Mr. Driscoll’s connection to big business is that he may be asked to unearth spies in Richardson’s Telecom Corridor or investigate workers seeking oil field employment. For these businesses, information is currency.
Electronic sweeps of offices for bugging devices are a routine part of his M.O. as a P.I., said Mr., Driscoll, branch manager and chief investigator for the Dallas office of Kimmons Investigative Services, Inc. “Industrial sabotage, industrial espionage is a very big thing.”
In addition, “there’s information-gathering, background checks for purposes of employment, finding people who have left in less than good circumstances or left a corporation and took documents,” Mr. Driscoll said.
“Then you get down to your down-to-earth surveillance where a spouse wants another spouse tailed,” he added. “One’s alleging the other is doing or not doing something they’re supposed to be doing.”
Domestic engagements occupy many of Mr. Driscoll’s working hours. He often installs ‘nanny cams,’ or hidden cameras that are surveillance video devices that surreptitiously watch nannies supervising their charges.
Farther away from Dallas, staple operations of the Texas economy lie amid the grassy savannahs and mesquite flats near the Edwards Plateau in southwest Texas. They are ranches, but not the type where longhorns roam.
These ranches are home to exotic Sri Lankan antelope and North African deer, part of a burgeoning $100 million exotic animals industry that supplies venison and other unusual low-cholesterol meats craved by body-conscious Americans.
Of course, cooks can also whip up Texas-style chicken-friend antelope.
“You can grill antelope or bake it or fry it,” said Dan Whiteley, foreman of the Heart of the Lone Star Ranch in Eden. “Our primary purpose is for meat production. We sell to a wholesaler, and he, in turn, distributes it to the restaurants.
“It’s a fairly young industry, but it is on the rise. It’s just an alternative to beef. We’ve been in operation for about six years, and before that it was sheep and goats. It’s just something new and challenging.”

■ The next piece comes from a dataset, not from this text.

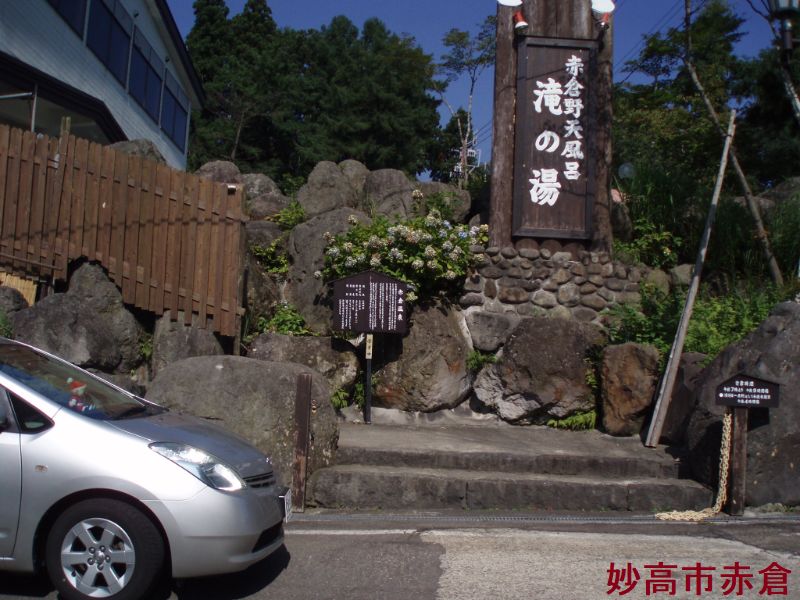赤倉温泉は、新潟県妙高市にある温泉です。スキー場が有名で、この地域では随一の温泉街を形成しています。妙高戸隠連山国立公園区域内にある赤倉温泉は、1816年(文化13年)妙高山地獄谷の湯を山麓に引いて、湯池場を兼ねた新田を開発したという事です。ここは、妙高山が目の前に迫る標高780mの高地にあり、風光明媚な所です。「金色夜叉」の作者、尾崎紅葉が1899年(明治32年)この地を訪れ、「煙霞療養」によって全国に紹介しました。温泉施設は、温泉そののもを楽しむための野天風呂です。温泉施設は、温泉そのものを楽しむための野天風呂です。泉質は硫酸塩・炭酸水素塩泉で美肌の湯。大岩石約3,000個、2,500tにも及ぶ一大岩石の野天風呂は、広々としているのでゆったりと過ごせます。

The 2,300-acre ranch raises such livestock as the African eland, the largest of the antelope species, and the scimitar-horned oryx, an endangered species in its native region of northern Africa that is doing just fine in southwest Texas.
Exotic animals can be found in 194 of the state’s 254 counties on 637 ranches with nearly 200,000 gazelles, goats, llamas, sheep, buffalo, zebras, deer and antelope, according to the Texas Comptroller of Public Accounts.
State researchers point to other unusual businesses — logging operations in East Texas, envelope makers, potato chip plants, mattress factories, plastic bag makers and a budding industry in South Texas in which people make Easter eggs filled with confetti. None of these businesses alone would save the Texas economy from ruin, but taken together, that’s a lot of venison and potato chips to swallow.
“It’s a little bit different,” Mr. Whiteley said of his business. “There’s quite a few people that think that’s all there is in Texas, ranches and cowboys.”
And oil and high-tech, too. But there’s so much more.